The Renaissance Center stood less than a mile from the detonation point. Star-hot heat radiated down, turning metal, glass and plastic into boiling liquid. Some of these liquids evaporated instantly, but the building didn’t have time to completely melt and burn.
The shock wave came next.
The explosion’s power pushed the air around it outward in a pressure wave moving at 780 miles an hour, just a touch over the speed of sound and twice the speed of an F-5 tornado, the most powerful wind force on Earth. The wave smashed into the melting glass, metal and plastic of the RenCen, thirty-five pounds per square inch of overpressure splashing the molten liquid away in a giant wave and shattering the still-solid parts like a sledgehammer slamming through a toothpick house.
The RenCen’s main tower had seventy-three stories, the four surrounding towers thirty-nine stories each. Less than three seconds after detonation, all of it was gone.
The shock wave rolled out at the speed of sound, losing energy as it moved. It shattered Comerica Park, home of the Tigers, ripping the concrete stands to pieces and hurling chunks of them for miles. In the days that followed, three seats from Section 219, half melted but still bolted to their concrete footings, would be found in the parking lot of Big Sammy’s Bar in Westland, twenty miles away. The curved white roof of Ford Field, home of the Detroit Lions, caved in like an eggshell stomped by a fat man.
A mile outward from the detonation point, the pressure wave smashed any building smaller than ten stories, broken pieces flying farther outward in a lethal, hurricane-class shrapnel cloud of brick and wood and metal and glass.
That same pressure wave picked up cars and flung them like Matchbox toys, spinning them through crumbling buildings, each Ford or Toyota or Chrysler its own whirling missile of death. As far as a mile away, the blast knocked burning cars onto their sides and roofs.
Detroit wasn’t the only city to feel the effects.
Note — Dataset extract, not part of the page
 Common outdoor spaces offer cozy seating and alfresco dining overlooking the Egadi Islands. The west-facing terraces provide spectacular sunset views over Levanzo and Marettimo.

Across the river the fireball scorched most of Windsor. The shock wave tore through the city, leveling houses as far as a mile from the shoreline.
Everywhere people died. The lucky ones, close to the detonation point, evaporated in the initial flash, their shadows instantly burned onto sidewalks and walls. One woman was in the middle of drinking a Coke—the flash vaporized her, leaving a perfect silhouette with arm bent, head tilted back, can in hand. Farther out from the detonation point, you didn’t vaporize; your skin just bubbled as the sudden heat caused the fluid in each cell to boil, expand and burst the cell membranes. Survivors would later describe the feeling as being dunked deep into a vat of boiling water. Most of those who lived through the initial fireball effects died from the pressure wave or were killed by building wreckage and various car parts traveling at five hundred miles an hour.
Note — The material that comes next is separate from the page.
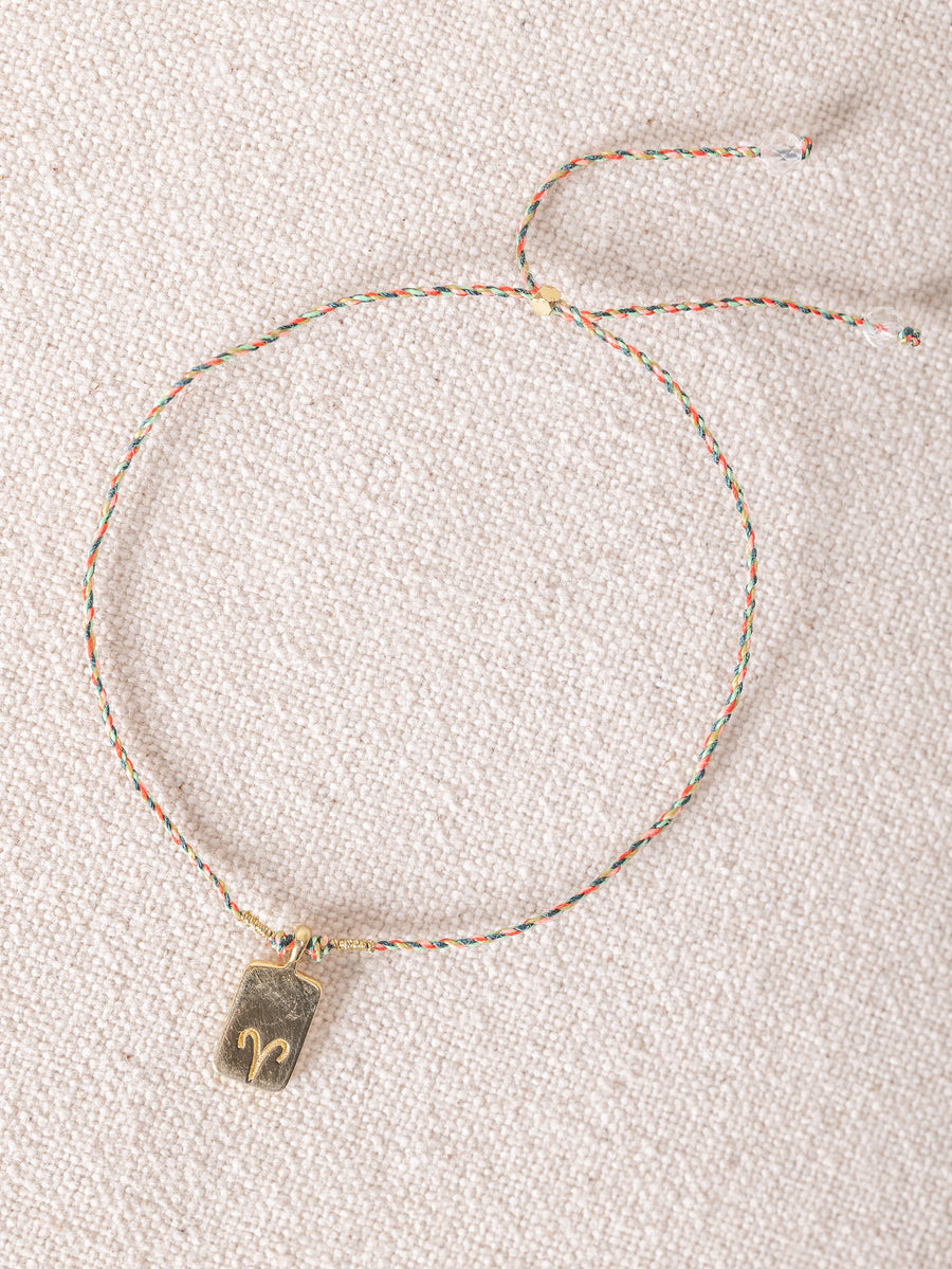 Handwoven with delicate threads and finished with a gold-plated silver charm, this bracelet celebrates each zodiac sign with quiet elegance. Its adjustable design ensures a perfect fit, making it effortless to wear alone or layered. A subtle nod to the stars — timeless, personal, and refined.

If you lived through all that, you had to deal with second-and third-degree burns, burning buildings and dead as far as the eye could see.
And if you lived through
that,
your body would feel the effects of radiation for years to come. The cancer rate in southeast Michigan would skyrocket.
The initial blast caused an estimated 58,000 deaths. Another 23,000 died within days as a result of burns and shock-wave-related injuries. Combined, the blast caused 81,000 deaths. In the five years that followed, another 127,000 would die of persistent injuries, cancer and other radiation-related causes.
In those years, through all the scandals and congressional inquiries and public outcry, President John Gutierrez, his staff, the Joint Chiefs, Murray Longworth, Margaret Montoya and Clarence Otto would ask themselves every day . . .
Was it worth it?
As brutal as it sounded, it was.
They had destroyed the spores, killed Chelsea and brought down the Orbital. They still didn’t know what was supposed to come out of those gates, what the angels really looked like and what damage they might have caused.
They didn’t know, and thanks to those who gave their lives, they never would.
In the weeks
after the explosion, as FEMA, Homeland Security and a dozen other agencies and charities converged on the Motor City and its suburbs to help the survivors and bury the dead, two small, manned submarines began picking up the only solid enemy remains.
The pieces of the Orbital.
Nine hundred feet below Lake Michigan’s rough surface, the Orbital’s wreckage lay spread across the lake bed, a collection of twisted, warped and broken rubble.
One piece, however, remained mostly intact. This object had been engineered to survive such crashes, to endure almost any type of damage in order to ensure delivery of its contents.
That particular object was about the size of a soda can.

Acknowledgments

 

My
“First Reader:”
You always take one for the team.
“Team Sigler:”
• Julian “Tha Shiv” Pavia and the hard-workin’ cats at Crown Publishing. Y’all make this a fun party.
• Byrd “The Natural” Leavell for constant support, guidance and story instincts.
• Scott Christian and J. C. Hutchins for vital advance reads that helped iron out some pesky wrinkles. You guys are nails.
• Mae “RDQ” Breakall for being my brain.
• Paul “Pulsar” Rogalinski, programming assassin.
• Arioch Morningstar, audio production machine.
Research and guidance:
• Jeremy “Xenophanes” Ellis, my friend and amazing science adviser. This book wouldn’t have happened without your brilliance.
• Doug Ellis for help with BSL-4 procedures.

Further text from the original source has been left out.